For this exercise, return only the lines in the records below from the one holding "The default IP" through the one holding "新跑车保时捷911布加迪威龙", including both, exactly as they appear and without pictures.

MATERIAL PROVIDED:
────────
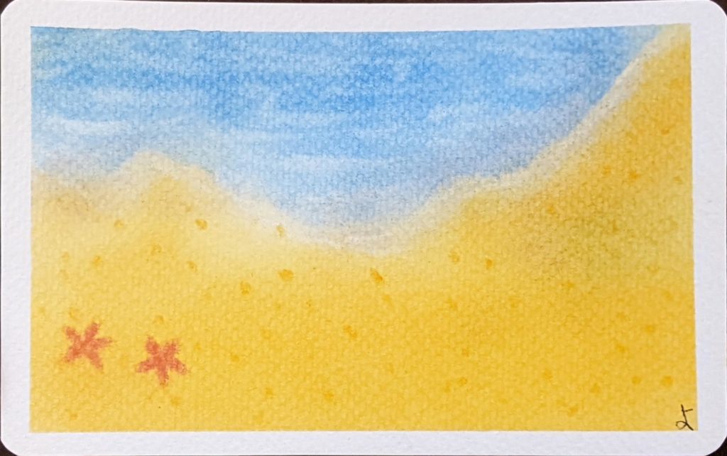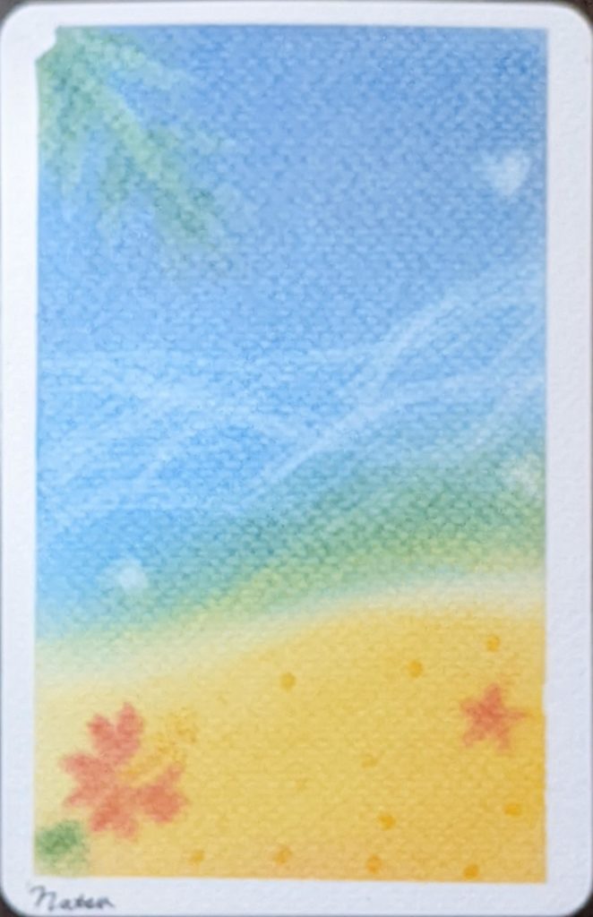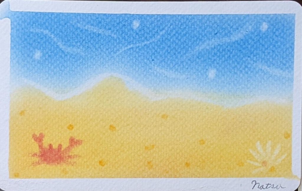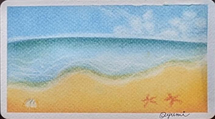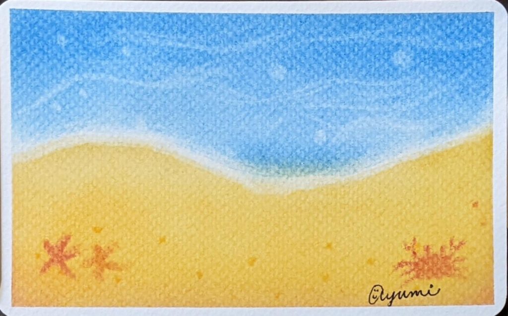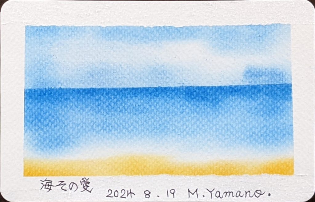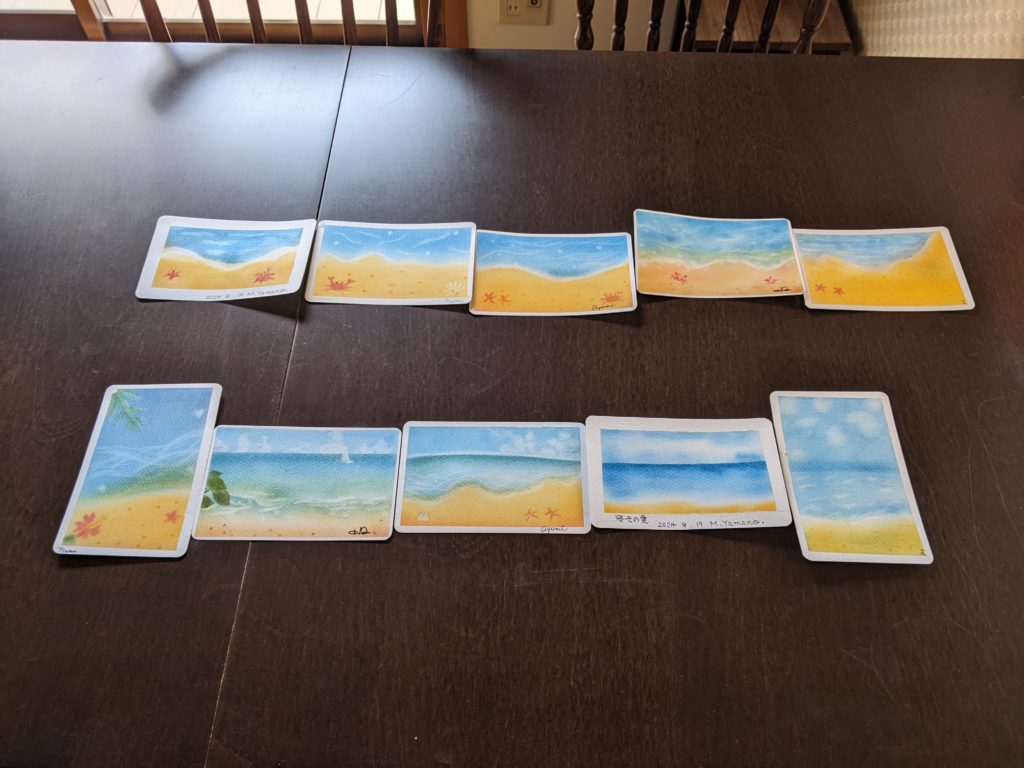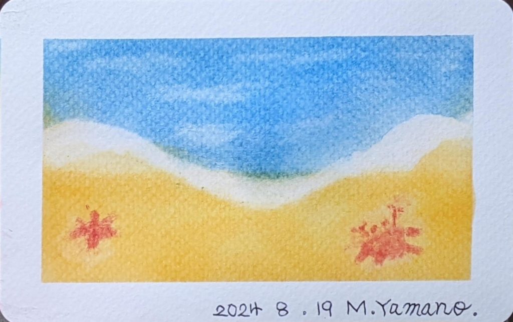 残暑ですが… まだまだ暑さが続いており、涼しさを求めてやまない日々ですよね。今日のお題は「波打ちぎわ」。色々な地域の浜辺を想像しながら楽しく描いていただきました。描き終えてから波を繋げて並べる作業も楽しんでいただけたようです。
────────
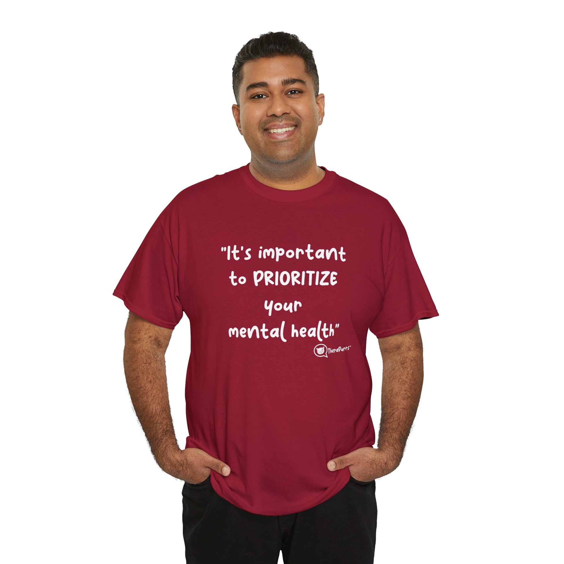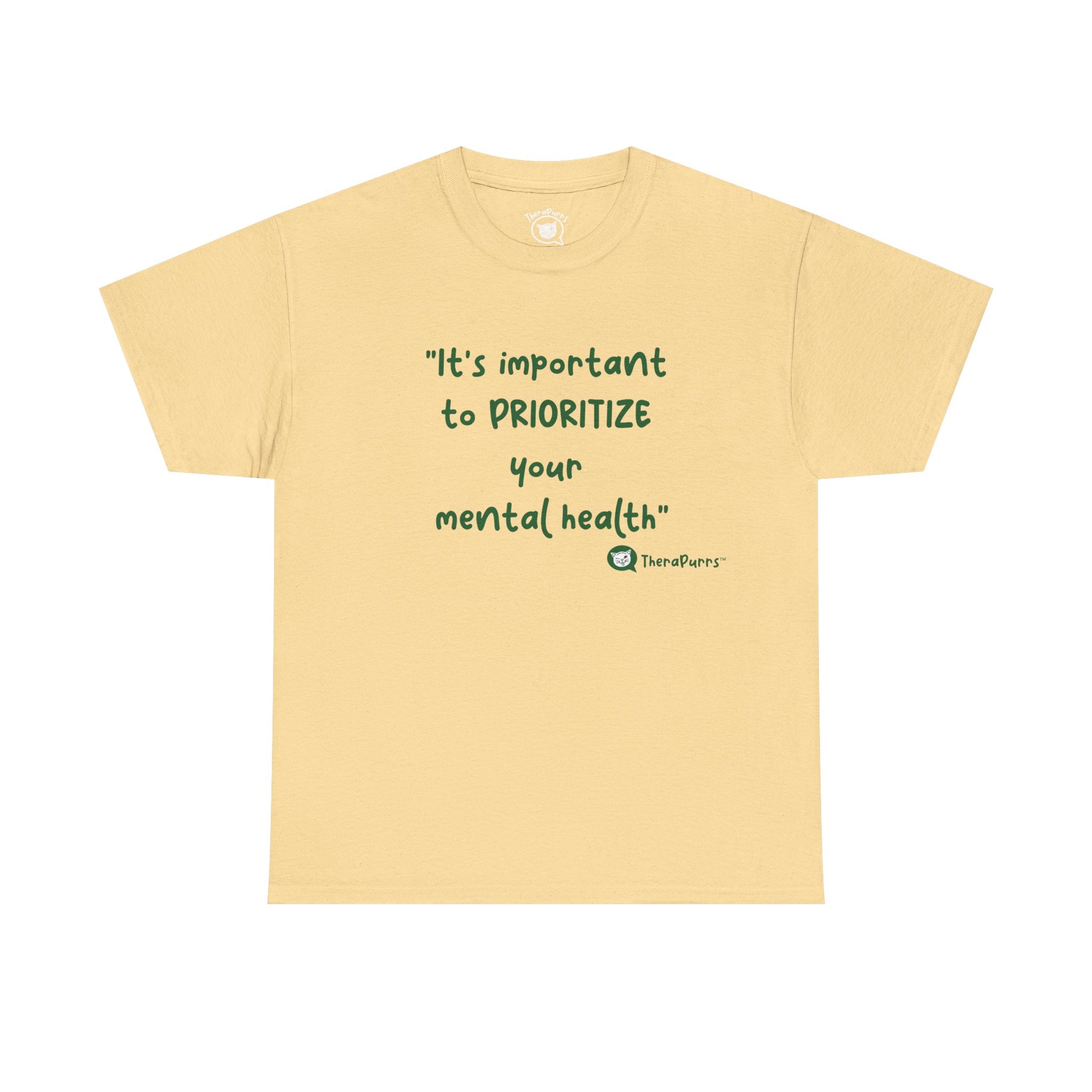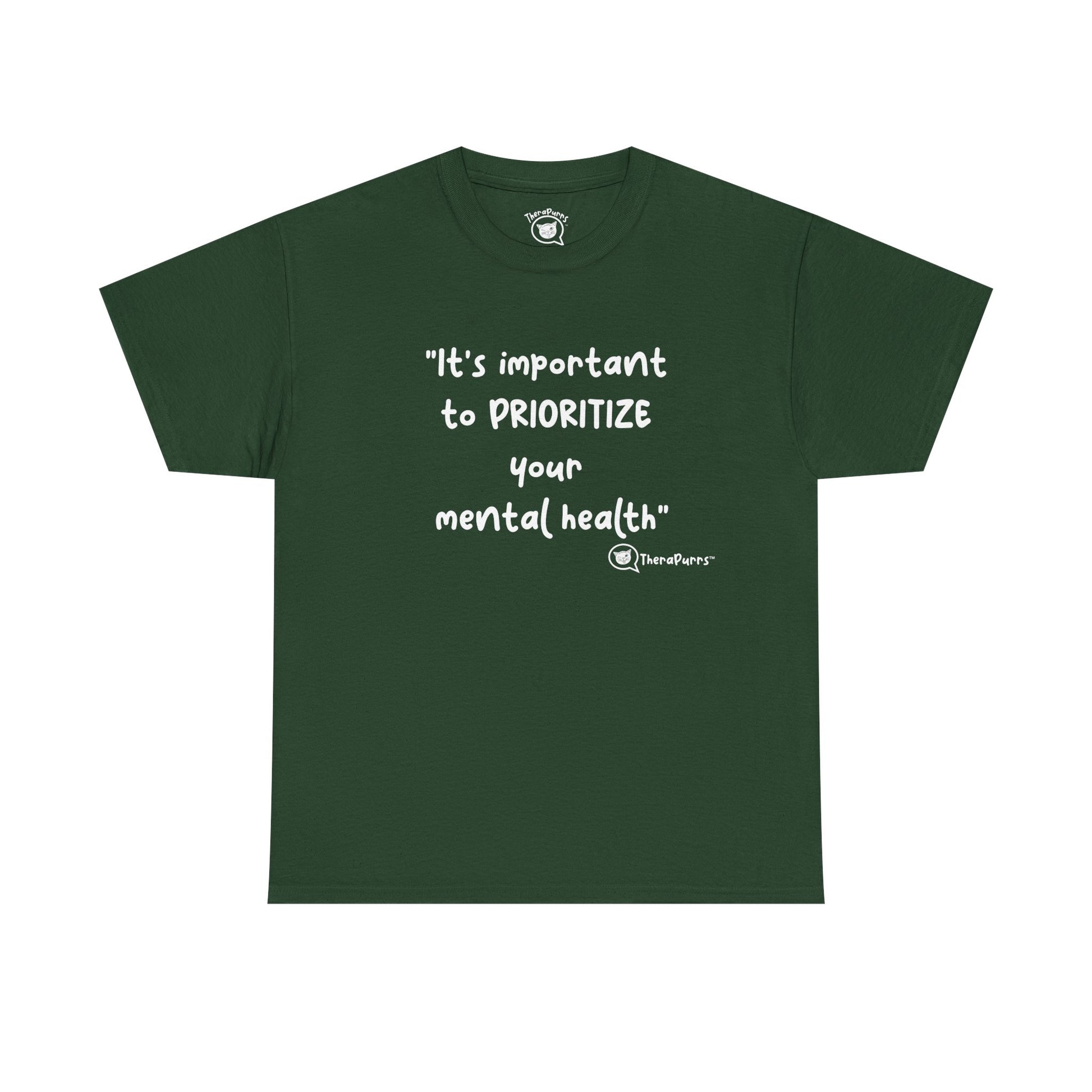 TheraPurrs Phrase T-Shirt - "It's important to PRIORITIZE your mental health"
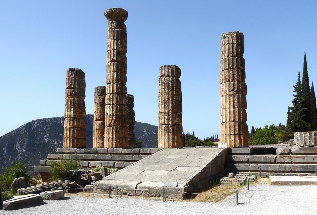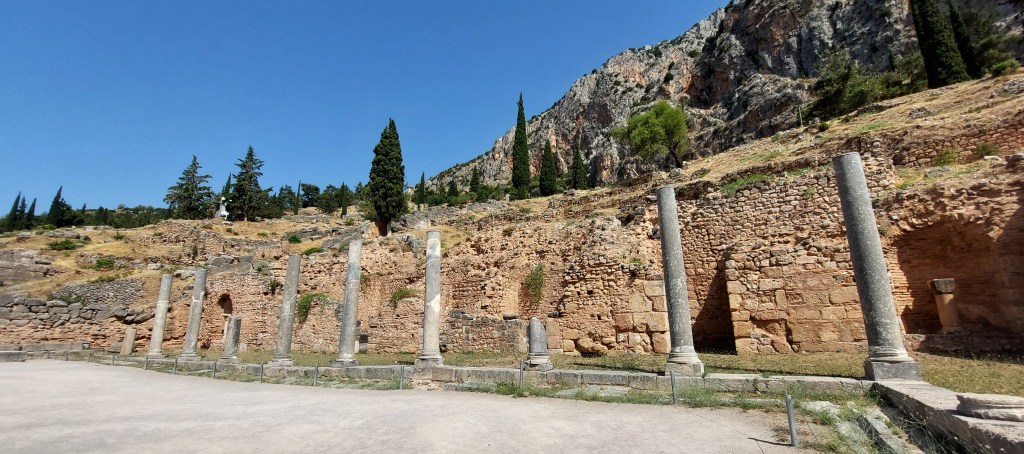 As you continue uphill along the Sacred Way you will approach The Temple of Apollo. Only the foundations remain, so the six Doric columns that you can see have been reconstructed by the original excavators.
────────
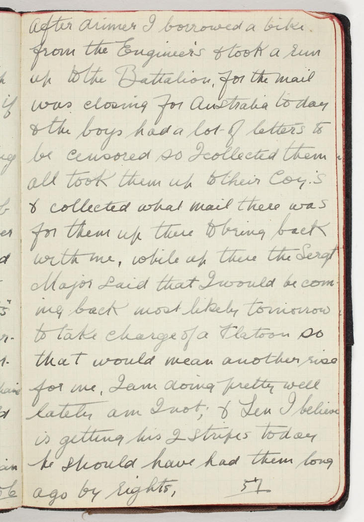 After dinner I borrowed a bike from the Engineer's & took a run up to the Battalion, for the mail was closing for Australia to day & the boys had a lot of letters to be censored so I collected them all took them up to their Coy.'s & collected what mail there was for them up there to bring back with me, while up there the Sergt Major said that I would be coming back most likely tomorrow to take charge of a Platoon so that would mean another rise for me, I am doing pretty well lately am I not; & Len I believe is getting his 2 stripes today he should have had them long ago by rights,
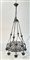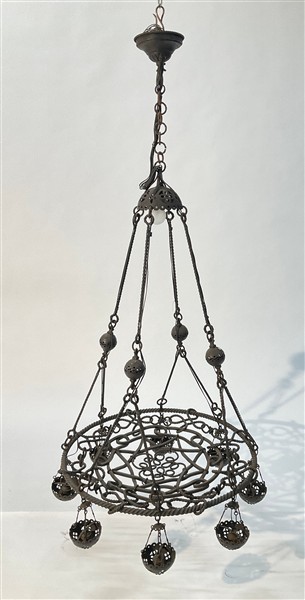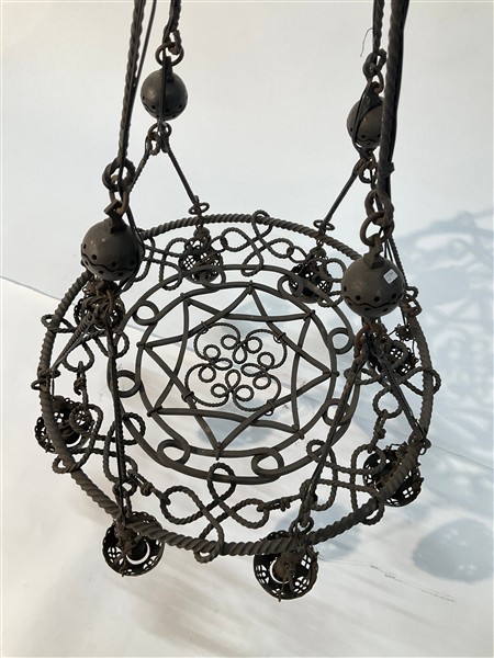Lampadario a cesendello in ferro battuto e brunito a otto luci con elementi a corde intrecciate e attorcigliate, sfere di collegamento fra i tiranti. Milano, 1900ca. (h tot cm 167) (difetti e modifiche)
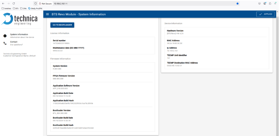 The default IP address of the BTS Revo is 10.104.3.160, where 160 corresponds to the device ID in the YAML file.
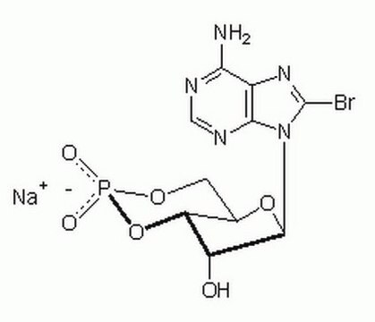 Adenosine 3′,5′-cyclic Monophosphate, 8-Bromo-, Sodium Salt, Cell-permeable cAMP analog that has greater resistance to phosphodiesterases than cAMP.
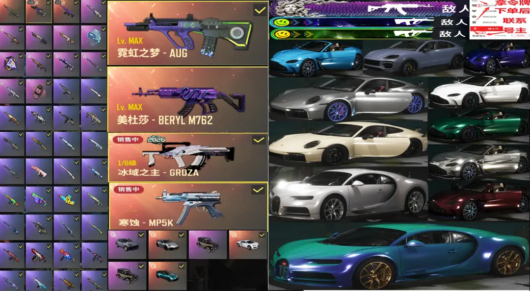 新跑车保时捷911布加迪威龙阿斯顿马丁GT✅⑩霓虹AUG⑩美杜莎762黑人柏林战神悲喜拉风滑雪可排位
────────
SOLVED EXERCISE:
 The default IP address of the BTS Revo is 10.104.3.160, where 160 corresponds to the device ID in the YAML file.
 Adenosine 3′,5′-cyclic Monophosphate, 8-Bromo-, Sodium Salt, Cell-permeable cAMP analog that has greater resistance to phosphodiesterases than cAMP.
 新跑车保时捷911布加迪威龙阿斯顿马丁GT✅⑩霓虹AUG⑩美杜莎762黑人柏林战神悲喜拉风滑雪可排位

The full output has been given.